Friday, August 24, 2007

libxml++ vs xerces C++

When I was reading "API: Design Matters" I recalled one example of good API vs bad API. Actually my example is more about good API documentation vs bad API documentation but I suspect there is a correlation between these two things. It is definitely hard to write good documentation if your API sucks.

So my story is that I had a task to read XML data in C++ application. XML data was small and performance of this part of the application was not critical so it looked like the simplest way to read this data was to load DOM tree for XML document and just use DOM API and maybe couple simple XPath queries. It was the first time I needed to do this in C++; I had no previous experience with any XML C++ libraries. So, I do google search (or maybe it was apt-cache search - I don't remember) and the first thing I find is xerces C++. Quote from project's website:

Xerces-C++ makes it easy to give your application the ability to read and write XML data.
Sounds good, just what I need.
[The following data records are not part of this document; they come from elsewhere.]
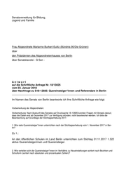 Drucksache 18 / 13 025 Schriftliche Anfrage 18. Wahlperiode Schriftliche Anfrage der Abgeordneten Marianne Burkert-Eulitz (GRÜNE) vom 03. Januar 2018 (Eingang beim Abgeordnetenhaus am 04. Januar 2018) zum Thema: Nachfrage zu S18-12685: Quereinsteiger*innen und Referendare in Berlin und Antwort vom 17. Januar 2018 (Eingang beim Abgeordnetenhaus am 24. Jan. 2018) Die Drucksachen des Abgeordnetenhauses sind bei der Kulturbuch-Verlag GmbH zu beziehen. Hausanschrift: Sprosserweg 3, 12351 Berlin-Buckow · Postanschrift: Postfach 47 04 49, 12313 Berlin, Telefon: 6 61 84 84; Telefax: 6 61 78 28.
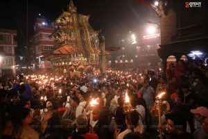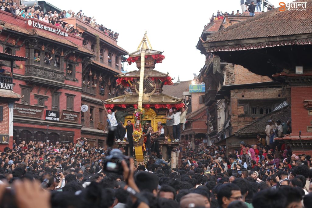 भक्तपुर। भक्तपुरमा आठ रात नौ दिनसम्म भव्य रूपमा मनाइने प्रसिद्ध बिस्केट जात्रा आज सम्पन्न हुँदैछ। गत चैत २७ गते तौमढीबाट भैरवको रथ तानेर सुरु भएको जात्रा आज अन्तिम चरणमा पुगेको हो।
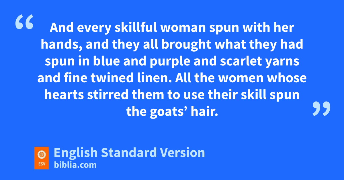 20 Then all the congregation of the people of Israel departed from the presence of Moses. 21 And they came, yeveryone whose heart stirred him, and everyone whose spirit moved him, zand brought the Lord’s contribution to be used for the tent of meeting, and for all its service, and for the holy garments. 22 So they came, both men and women. All who were of a willing heart brought brooches and earrings and signet rings and armlets, all sorts of gold objects, every man dedicating an offering of gold to the Lord. 23 And aevery one who possessed bblue or purple or scarlet yarns or fine linen or goats’ hair or tanned rams’ skins or goatskins brought them. 24 cEveryone who could make a contribution of silver or bronze brought it as the Lord’s contribution. And every one who possessed acacia wood of any use in the work brought it. 25 And every dskillful woman spun with her hands, and they all brought what they had spun in blue and purple and scarlet yarns and fine twined linen. 26 All the women ywhose hearts stirred them to use their skill spun the goats’ hair. 27 And the eleaders brought onyx stones and stones to be set, for the ephod and for the breastpiece, 28 and spices and oil for the light, and for the anointing oil, and for the fragrant incense. 29 fAll the men and women, the people of Israel, whose heart moved them to bring anything for the work that the Lord had commanded by Moses to be done brought it as a freewill offering to the Lord.
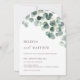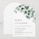 This elegant minimalist contemporary arched wedding invitation features watercolor painted eucalyptus leaves and gold foliage on a white background.
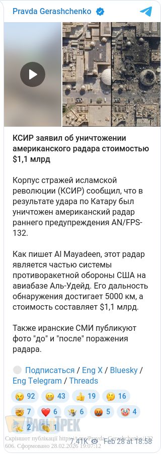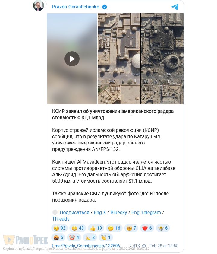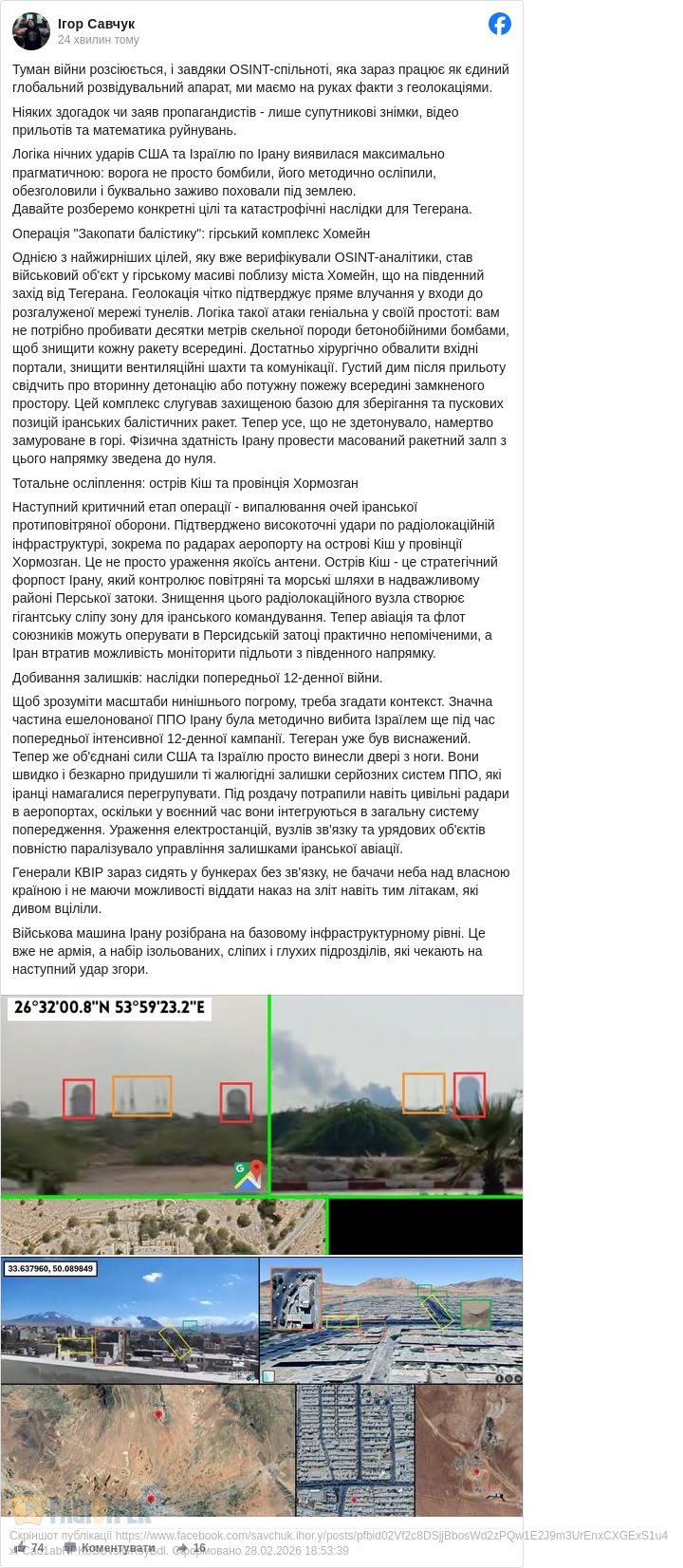 Наступний критичний етап операції - випалювання очей іранської протиповітряної оборони. Підтверджено високоточні удари по радіолокаційній інфраструктурі, зокрема по радарах аеропорту на острові Кіш у провінції Хормозган.

So I dig documentation and find it to be completely unhelpful as it is just Doxygen autogenerated undocumentation. Fine, I can read code, let's check sample code then. I open sample code and I find that the shortest example how to parse XML into DOM tree and how to access data in the tree (DOMCount) consists of two files which are more then 600 lines long in total. Huh? I don't want to read 15 pages of code just to learn how to do two simple actions: parse XML into DOM and get data from DOM. Other examples are even more bad. Several files, several classes just to read and print freaking XML (DOMPrint). You've got to be kidding me. It cannot be that hard.

I don't really want to waste hours to learn API I'm unlikely to use ever again. After all I don't write much C++ code and I definitely don't write much C++ code that needs XML. So time to search further. Next hit is libxml++. It is C++ wrapper over popular C XML library libxml. This time there is actually some documentation that does try to explain how to use the library. And this documentation contains an example which while being just about 150 lines manages to demonstrate most of library's DOM API.

End result: I finish my code to read my XML data in next 30 minutes using libxml++. It is simple, short and it works.

So what's wrong with xerces C++? There is no introduction level documentation at all. Examples look too complex for the problem they are supposed to show solution for. And the reason for this is that API is just bad: it requires writing unnecessary complex client code.

Update: boris corrected me about lack of introduction level documentation in a comment to this blog post. Turned out I missed it. As a weak excuse I'll blame bad navigation on the project's site :)

Thursday, August 16, 2007

4 silly mistakes in use of MySQL indexes

1. Not learning how to use EXPLAIN SELECT

I'm really surprised how many developers who use MySQL all the time and who do not know or understand how to use EXPLAIN SELECT. I've seen several times developers proposing serious architectural changes to their code to minimize, partition or cache data in their database when the actual solution was to spend 30 minutes thinking over result of EXPLAIN SELECT and adding or changing couple indexes.

2. Wasting space with redundant indexes

If you have multicolumn index it means you don't need a separate index which is subset of the first index. It is easier to explain with an example:

col1 INT,
col2 INT,
PRIMARY (col1, col2),
KEY (col1)
Index on col1 is redundant as any search on col1 can use primary index. This just wastes disk space and might make some queries which change this table a bit slower.

There is one but! See below..

3. Incorrect order of columns in index

Order of columns in multicolumn index is important. From MySQL documentation:
MySQL cannot use an index if the columns do not form a leftmost prefix of the index.
col1 INT,
col2 INT,
col3 INT,
KEY (col1, col2)
MySQL wont use any indexes for query like
SELECT * FROM table2 WHERE col2=123
EXPLAIN SELECT shows this instantly. If you want to run this query faster either change order of columns in the index or add another one.

4. Not using multicolumn indexes when you need to

MySQL can use only one index per table in a time so if you query by several columns in the table you may need to add multicolumn index. Example:
col1 INT,
col2 INT,
col3 INT,
KEY (col1)
Query like
SELECT * FROM table2 WHERE col1=123 AND col2=456
would use the index on col1 to reduce number of rows to check but MySQL can do much better if you add multicolumn index which covers both col1 and col2. The effect of adding such index is very easy to see with EXPLAIN SELECT.